See the paper or the "github-prebuilt-images" command in `main.py` for additional information on the above table and its images.

### Calculate ARA

Attack and BTR ARAs may be calculated via the `calculate-ara` command. For example, to use a pre-built network with both adversarial training and the robustness additions from the paper:

```bash
$ python main.py calculate-ara prebuilt/resnet44-all.pt [--n-images 1000] [--eps 20] [--steps 450] [--momentum 0.9]
```

Note that arguments in `[brackets]` are optional. This produces textual output which indicates the calculated attack and BTR ARAs as per Section III.A of the paper. The resulting ARAs for all prebuilt networks are demonstrated in the table above. Calculating both ARAs as in the original paper (default settings) takes around 30 minutes per network, depending on GPU.

### Explain

To generate explanations on the first 10 CIFAR-10 testing examples with a trained network, use the `explain` command. For example, to use a pre-built network with both adversarial training and the robustness additions from the paper:

```bash
$ python main.py explain prebuilt/resnet44-all.pt [--eps 0.1]
```

This will create images in the `output/` folder, designed to be viewed in alphabetical order.

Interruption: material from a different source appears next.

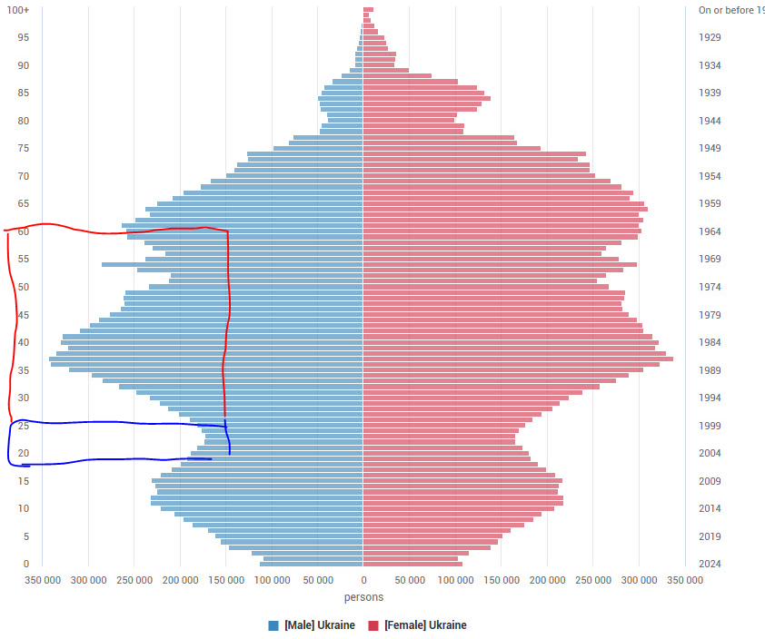 Ukraina rekrutterer fra den røde boksen og lar den blå boksen være. Problemet med 18-25 er at det er veldig små årskull.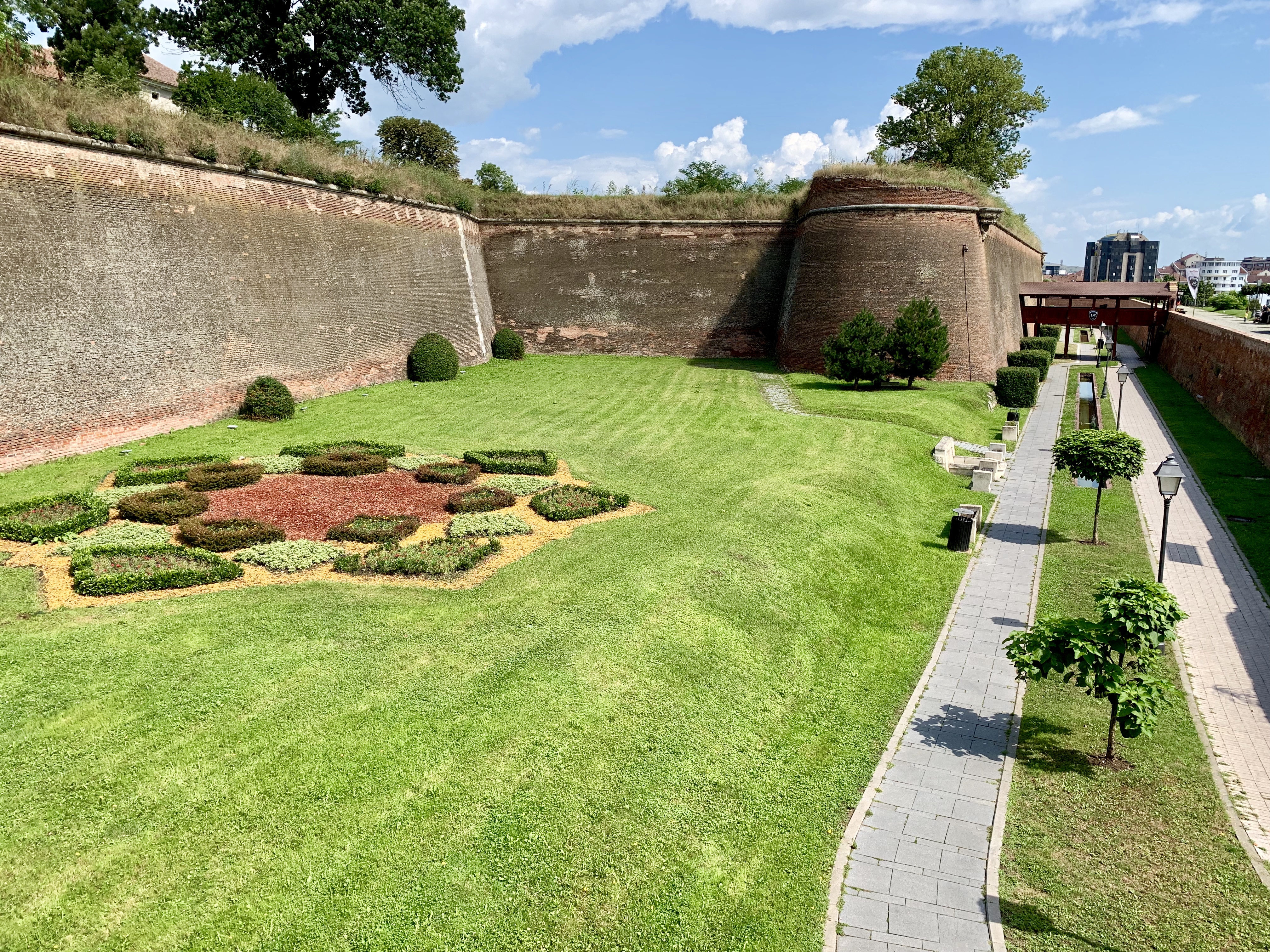 Întregul edificiu este înconjurat de două rânduri de şanţuri de apărare care au între ele mai multe valuri masive de pământ amplasate în pantă tot în ideea îngreunării cât mai mult posibile a oricărui asalt al armatelor inamice.

For example, `output/0-cat` will contain `_input.png`, the unmodified input image; `_real_was_xxx.png`, an explanation using `g_{explain+}` from the paper on the real class (cat); `_second_dog_was_xxx.png`, an explanation using `g_{explain+}` on the most confident class that was not the correct class; and `0_airplane_was_xxx.png`, `1_automobile_was_xxx.png`, `2_bird_was_xxx.png`, ..., `9_truck_was_xxx.png`, an explanation targeted at each class of CIFAR-10 as indicated in the filename. In all cases, the `_xxx` preceding the `.png` extension indicates the post-softmax confidence of that class on the original image. The images look like this:

| | | | | | | | | | |
| --- | --- | --- | --- | --- | --- | --- | --- | --- | --- |
| \_input |![Input image](https://github.com/wwoods/adversarial-explanations-cifar/raw/master/example_output/_input.png) | \_real |![Real target](https://github.com/wwoods/adversarial-explanations-cifar/raw/master/example_output/_real.png) | \_second |![Second target](https://github.com/wwoods/adversarial-explanations-cifar/raw/master/example_output/_second.png) | | |
| 0\_airplane |![Airplane](https://github.com/wwoods/adversarial-explanations-cifar/raw/master/example_output/0_airplane.png) | 1\_automobile |![Automobile](https://github.com/wwoods/adversarial-explanations-cifar/raw/master/example_output/1_automobile.png) | 2\_bird |![Bird](https://github.com/wwoods/adversarial-explanations-cifar/raw/master/example_output/2_bird.png) | 3\_cat |![Cat](https://github.com/wwoods/adversarial-explanations-cifar/raw/master/example_output/3_cat.png) | 4\_deer |![Deer](https://github.com/wwoods/adversarial-explanations-cifar/raw/master/example_output/4_deer.png) |
| 5\_dog |![Dog](https://github.com/wwoods/adversarial-explanations-cifar/raw/master/example_output/5_dog.png) | 6\_frog |![Frog](https://github.com/wwoods/adversarial-explanations-cifar/raw/master/example_output/6_frog.png) | 7\_horse |![Horse](https://github.com/wwoods/adversarial-explanations-cifar/raw/master/example_output/7_horse.png) | 8\_ship |![Ship](https://github.com/wwoods/adversarial-explanations-cifar/raw/master/example_output/8_ship.png) | 9\_truck |![Truck](https://github.com/wwoods/adversarial-explanations-cifar/raw/master/example_output/9_truck.png) |

Note that arguments in `[brackets]` are optional. `--eps X` specifies that the adversarial explanations should be built with `rho=X`. The process could be further optimized, but presently takes a minute or two.

### Train

To train a new network:

```bash
$ python main.py train path/to/model.pt [--adversarial-training] [--robust-additions] [--l2-min]
```

See `python main.py train --help` for additional information on these options.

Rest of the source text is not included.